Eind mei 2012 kon hij pas beginnen met een COVA-training. Klager heeft destijds aangegeven niet akkoord te gaan met klinische opname. Voor de rest wilde klager wel degelijk meewerken.
Verwezen wordt naar de brief van de reclasseringsmedewerkster mevrouw L. K. die vanaf november 2011 tot heden zeer betrokken is geweest bij de detentiefasering en verlofaanvragen van klager. Van recidiverisico dan wel risico van middelengebruik is geen
sprake. Het is geenszins aan klager te wijten dat het TR-programma ‘Binnen Beginnen’ nog niet is gestart.
De p.i. wil klager geen onderliggende stukken verstrekken. Inmiddels hebben het MDO en de vrijhedencommissie van de inrichting positief beslist op de nieuwe verlofaanvraag van klager.

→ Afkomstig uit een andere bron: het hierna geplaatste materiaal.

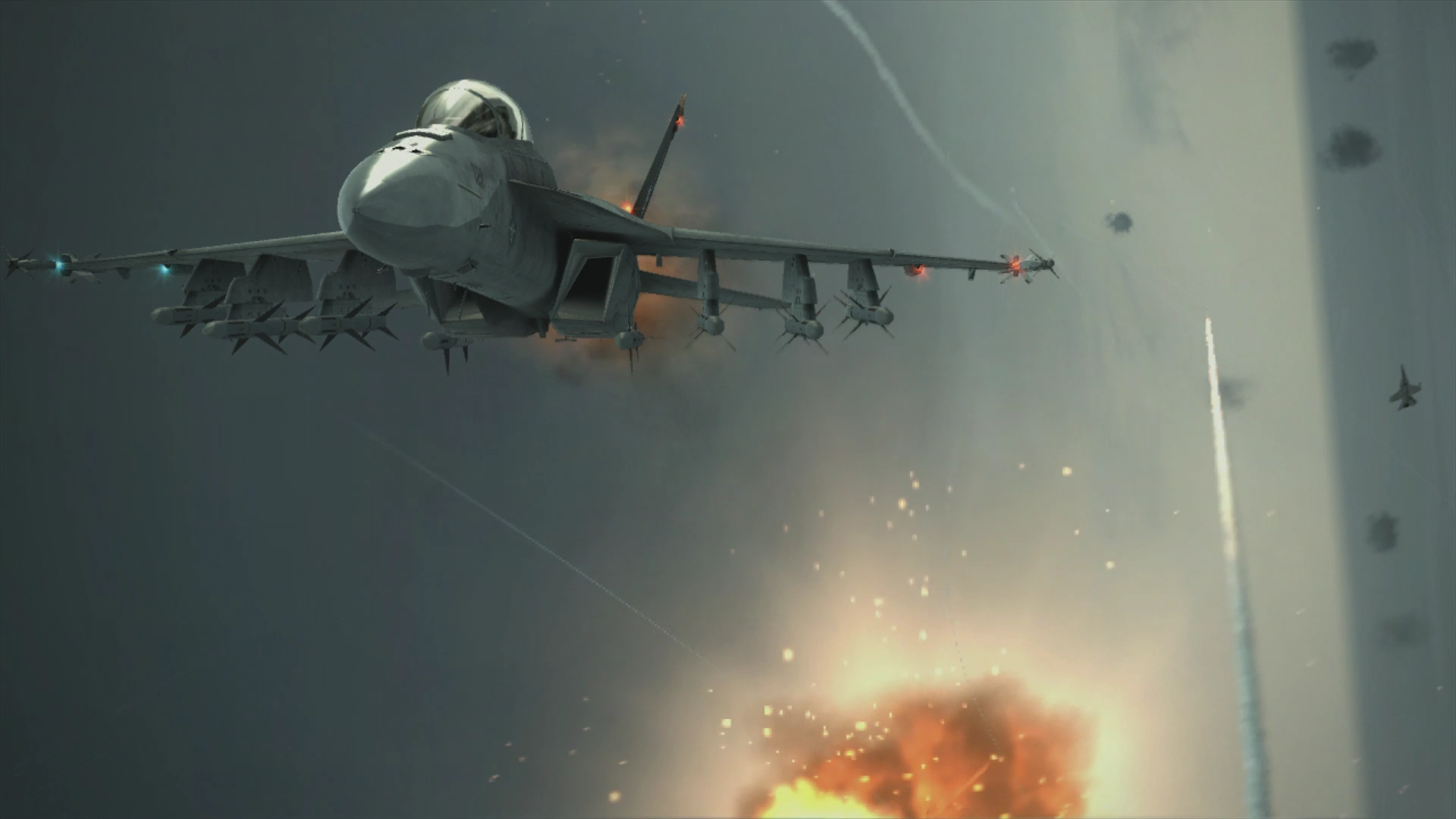 The next day, with calculations provided by AWACS Ghost Eye,[13] Avalanche Squadron took part in investigating an area near Sonne Island where the cruise missiles originated from. The squadron came across the Chandelier, and, after having been provided data from Victor Voychek, assisted their allies in attacking and destroying the weapon.[14]

Namens de Staatssecretaris is de bestreden beslissing als volgt toegelicht.
Het OM heeft negatief geadviseerd op grond van het vermoeden dat verlof zal leiden tot middelengebruik en het risico van recidive. Klager kent een forse verslavingsproblematiek, hetgeen in het verleden tot veel problemen heeft geleid. De p.i. is
eveneens negatief en stelt als voorwaarde dat er eerst een indicatiestelling ten aanzien van de behandeling moet worden afgegeven voordat aan het verlenen van vrijheden kan worden gedacht. Klager heeft in november 2011 aangegeven niet te willen
meewerken aan een geïndiceerde klinische behandeling, terwijl uit de Risc volgde dat er in verband met gesignaleerde problemen daar toch wel redenen voor zijn. Inmiddels heeft klager zijn mening herzien en vanaf begin maart 2012 is hij deelnemer aan
‘Binnen Beginnen’. Feitelijk is er nog niet gewerkt aan een of andere vorm van behandeling ten aanzien van zijn verslavingsproblematiek. In de lijn van de adviezen van het OM en de inrichting en het nog niet opstarten van de behandeling van de forse
problematiek is de tijd nog niet rijp om toestemming te verlenen voor verlof. Daarbij komt dat klager in eerste instantie zelf geweigerd heeft om ook maar ergens aan mee te werken. Een nieuw inrichtingsadvies is aangekondigd. Indien klagers behandeling
dan is aangevangen, vervalt de reden om hem geen verlof te verlenen. Zover is het echter nog niet.

Op klagers verlofaanvraag zijn de volgende adviezen uitgebracht.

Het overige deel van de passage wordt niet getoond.